Single by The Basin Street Boys feat. Ormonde Wilson
- Released: 1946
- Recorded: 1946
- Genre: Rhythm and blues
- Label: Exclusive Records
- Songwriters: Leon René, as Jimmie Thomas

= I Sold My Heart to the Junkman =

"'I Sold My Heart to the Junkman'" is a 1946 recording by The Basin Street Boys featuring Ormonde Wilson, written by Leon René, under the songwriting pseudonym of Jimmie Thomas. It was released on the Exclusive Records label in 1946. It was covered a year later by Etta Jones with J. C. Heard and his Orchestra and released on RCA Victor.

==Patti LaBelle and Her Blue Belles==
In 1962, the Chicago-based girl group the Starlets were riding high with their top forty single, "Better Tell Him No". That year, while on tour, they were convinced by Newtown Records president Harold Robinson to appear in a recording studio where they recorded two songs. One of these songs was "I Sold My Heart to the Junkman". After recording the songs, Robinson released the song on his label but instead of crediting the Starlets, credited a Philadelphia-based girl group named The Ordettes, who had changed their name to The Blue Belles - after a threat from another record label owner, the name was altered to Patti LaBelle and Her Blue Belles.

=== Success ===
After the Blue-Belles made their first television appearance on American Bandstand in April 1962, the popularity of the song increased and became a Top 20 hit on the Billboard Hot 100 and R&B charts.

Despite the controversy with The Starlets, the song became a 'million-selling' record as a result of the promotion done by Newtown Records and performances by The Blue-Belles.

=== Aftermath ===
It is unknown as to whether Robinson erased the original lead vocal from the song and added in Patti LaBelle's lead vocal, or whether the Starlets themselves were replaced by session singers. Nevertheless, the Starlets' manager sued Robinson for ownership of the recording, with the girls each winning $5,000 from the suit. Despite this, however, it is still not clear as to how the record was released.

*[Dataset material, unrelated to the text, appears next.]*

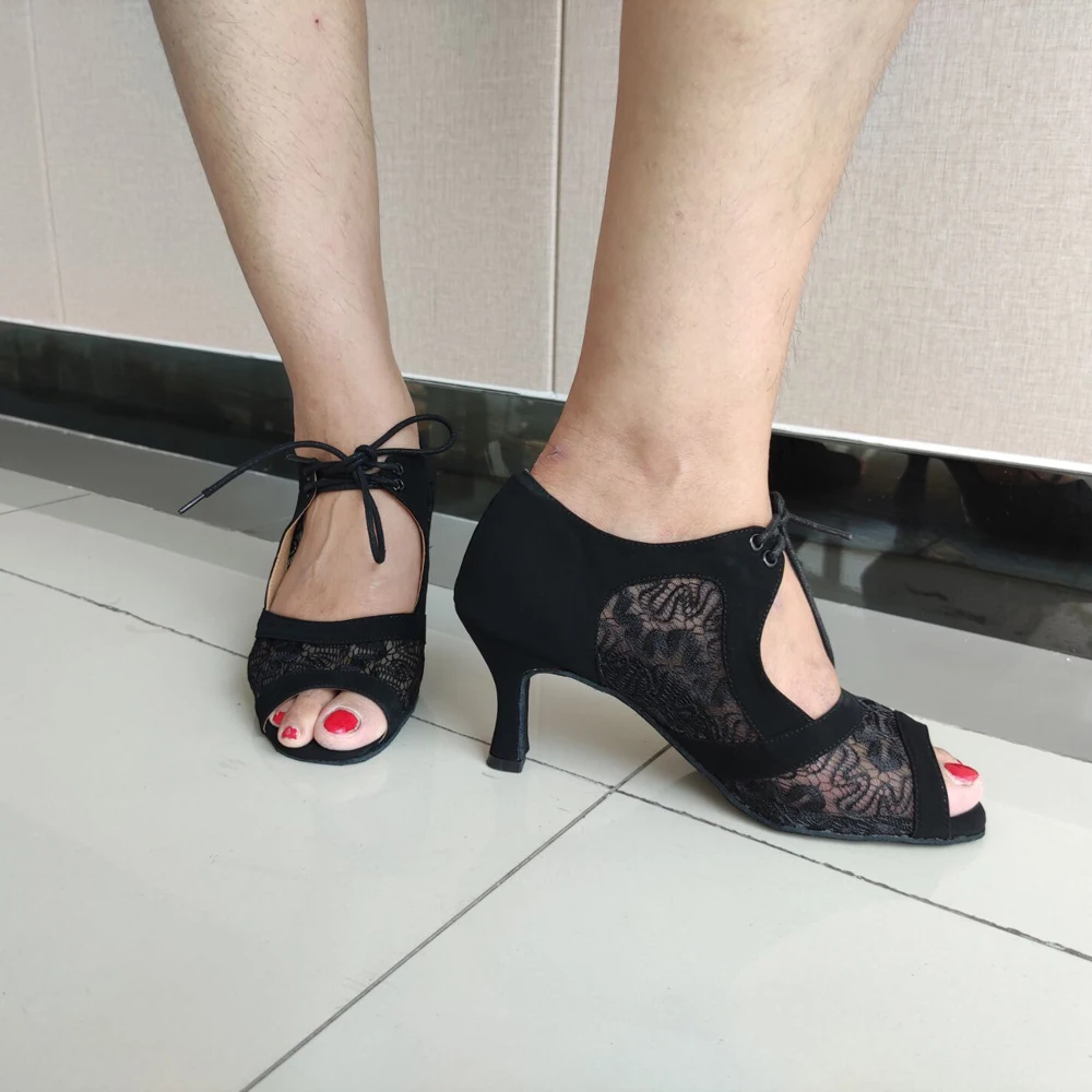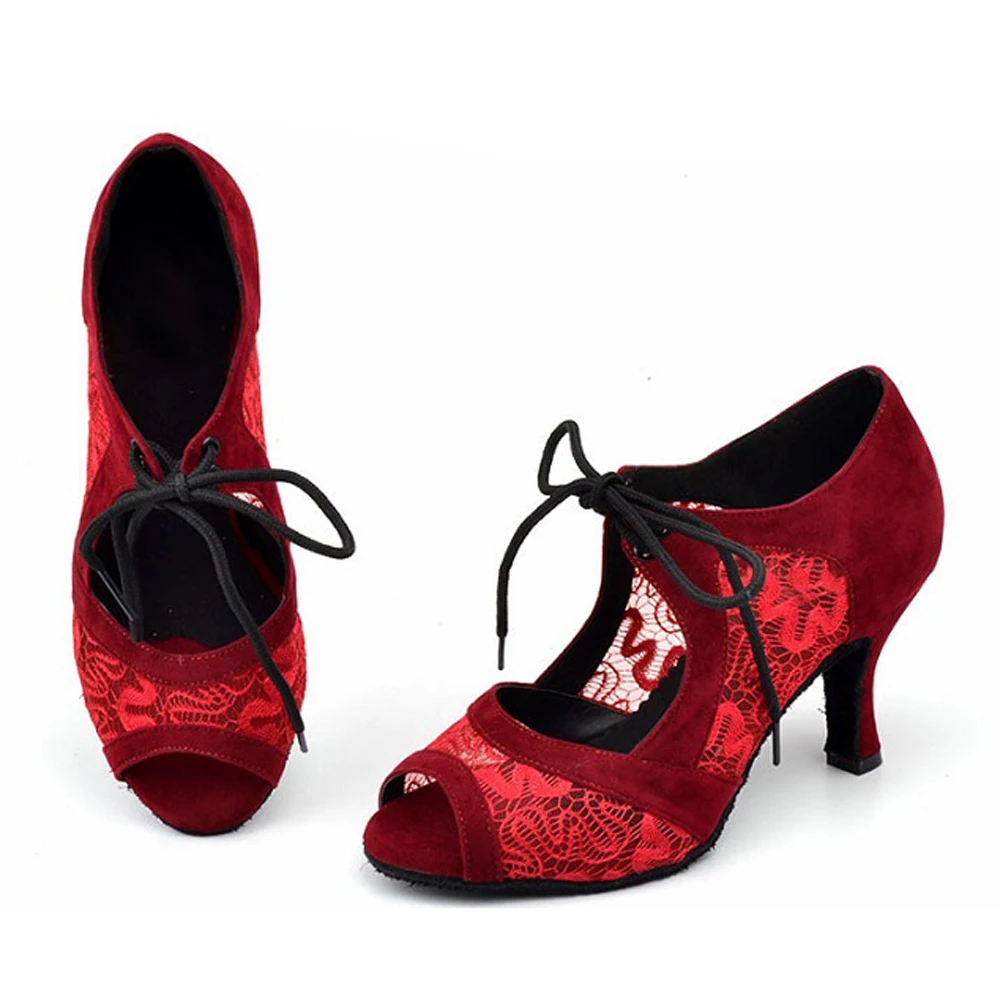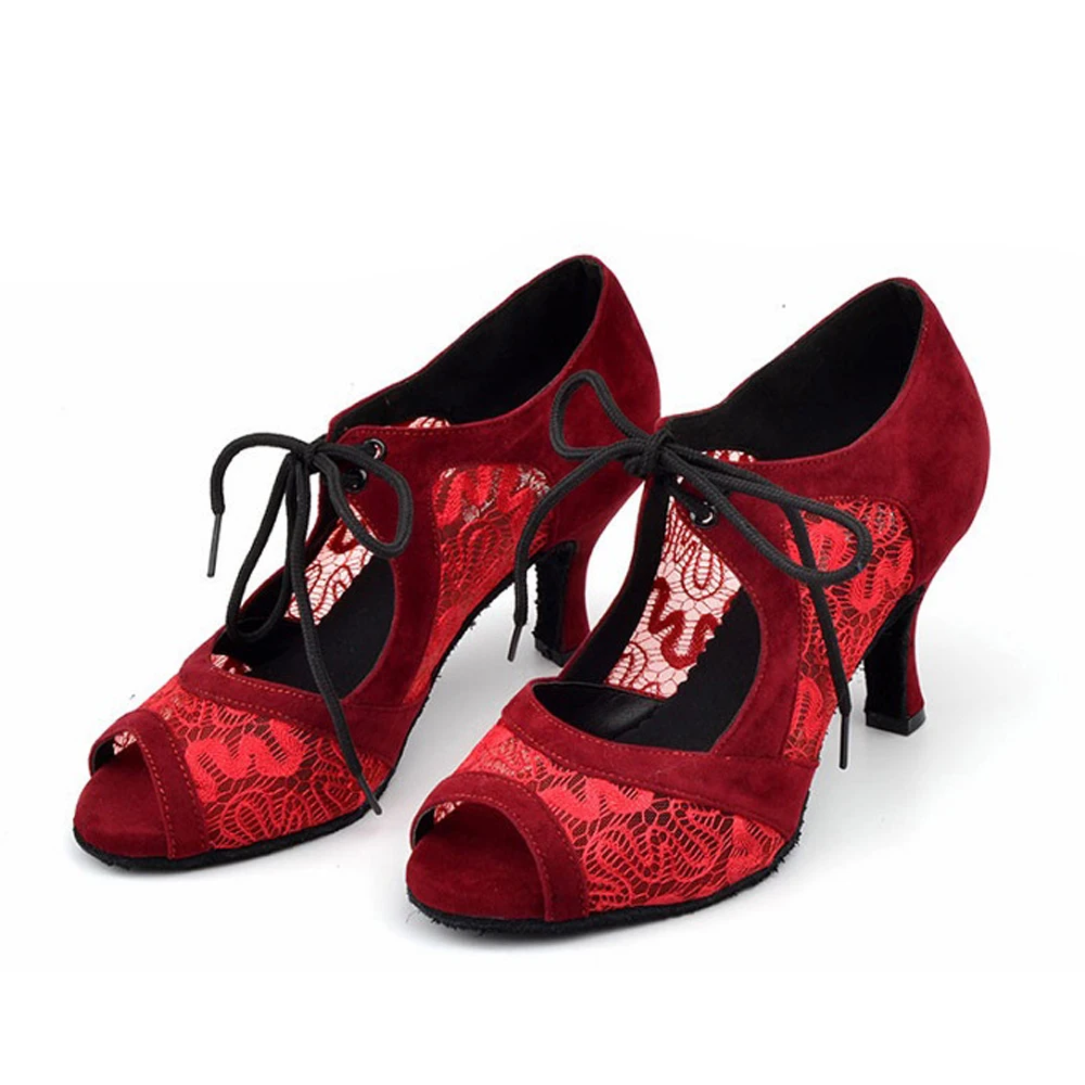 Evkoodance/Zapatos De Baile/размеры США 4-12, высота каблука 7 см, профессиональный красный/черный нубук с сеткой, женская обувь для латинских танцев, Evkoo-504

Ironically when the Blue Belles recorded their own version shortly before promoting it, both the Starlets and Blue Belles' versions were strikingly similar. The Starlets did not fully recover from the "Junkman" scandal and after a half-year of new recordings, disbanded in 1963. Meanwhile, the newly christened Patti LaBelle and the Blue Belles went on to national fame that year with their hit, "Down the Aisle (The Wedding Song)".

=== Chart Performance ===

| Charts (1962) | Peak position |
|---|---|
| U.S. Billboard Hot 100 | 15 |
| U.S. R&B | 13 |
| U.S. Cashbox Top 100 | 16 |
| U.S. Cashbox Top 50 R&B | 6 |
| U.S. Record World 100 Top Pops | 22 |
| U.S. Record World Top 50 R&B | 4 |

==Other versions==
Gene Ammons covered "I Sold My Heart to the Junkman" on his 1961 release, Up Tight!. In 1962, Lyn Cornell released her cover of the song with Jack Good's production. Despite gaining airplay on the BBC Light Programme, it did not match her earlier UK Singles Chart appearance with "Never on Sunday".